The HTTP proxy we are talking about today is more of an abstract concept, and the principle behind it is the most critical.
2. HTTP Proxy
2.1 What is HTTP proxy? Speaking of HTTP proxy, as a client developer, the most familiar thing is that when using tools such as Fiddler and Charles to capture packets, you need to hang a proxy on your mobile phone to facilitate us to troubleshoot some network problems. This is just one of the many usage scenarios of the proxy. In fact, HTTP proxy (Web proxy) is an entity that exists in the middle of the network and can provide various functions . Without HTTP proxy, the client terminal must interact directly with the terminal server.

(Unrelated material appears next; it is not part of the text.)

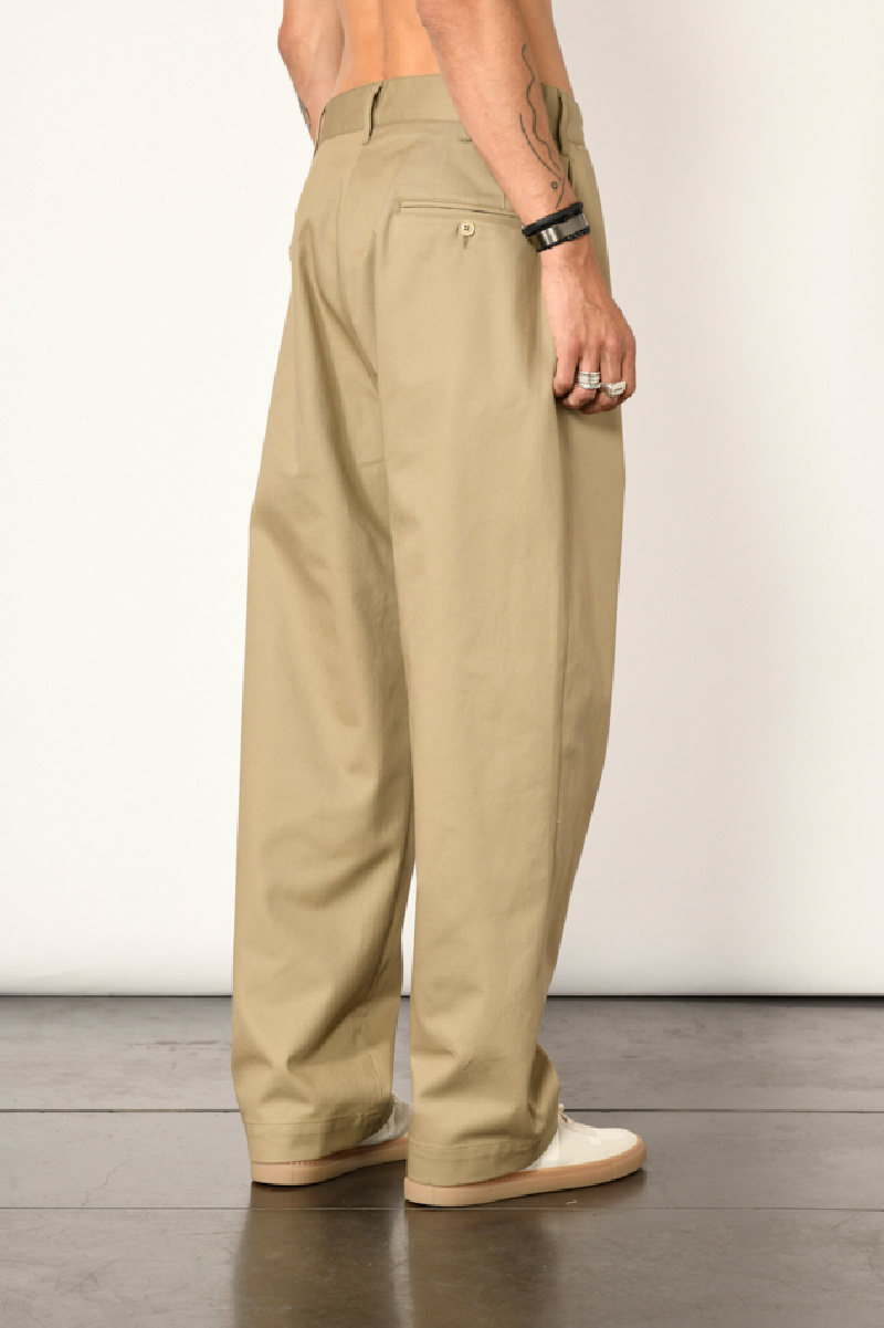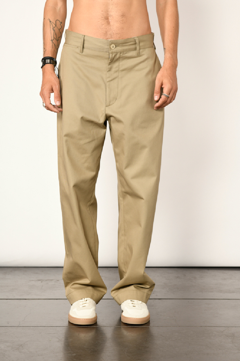 Khaki cotton twill pants, from the brand Enginereed Garments, Workaday line.

With HTTP proxy, the client terminal can communicate with the proxy, and then the proxy interacts with the server on behalf of the client. HTTP proxy is the easiest HTTP protocol concept to understand, and it is closest to our lives. In our lives, there are various agency services. For example, if you and your girlfriend are going to travel abroad, some countries that do not have visa exemptions need to apply for visas in advance. We are not familiar with it and naturally think that the process is complicated. At this time, you can choose to let a travel agency to apply for a visa on your behalf. You only need to prepare materials according to the list provided by the other party, and you can easily get a visa. In this process, you save time, and the travel agency makes a little money from you.
A proxy service is a middleman who completes the transaction processing on behalf of the client. It takes over the client's affairs and interacts with the server on behalf of the client. The proxy service is an abstract intermediate entity that can exist at various intermediate points in the network, such as browsers, routers, proxy servers, and reverse proxies of Web servers.
2.2 Classification of HTTP Proxy
Let's start with the most familiar packet capture tools, such as Fiddler and Charles, which are very well encapsulated. Even if we don't understand the details of HTTP proxy at all, we can use them with simple configuration. During use, you will find two scenarios: For HTTP protocol requests, the details of the request/response message can be directly displayed. For HTTPS, if the certificate is not imported, the request can still be sent to the server and the data can be returned normally, but the message details will not be displayed.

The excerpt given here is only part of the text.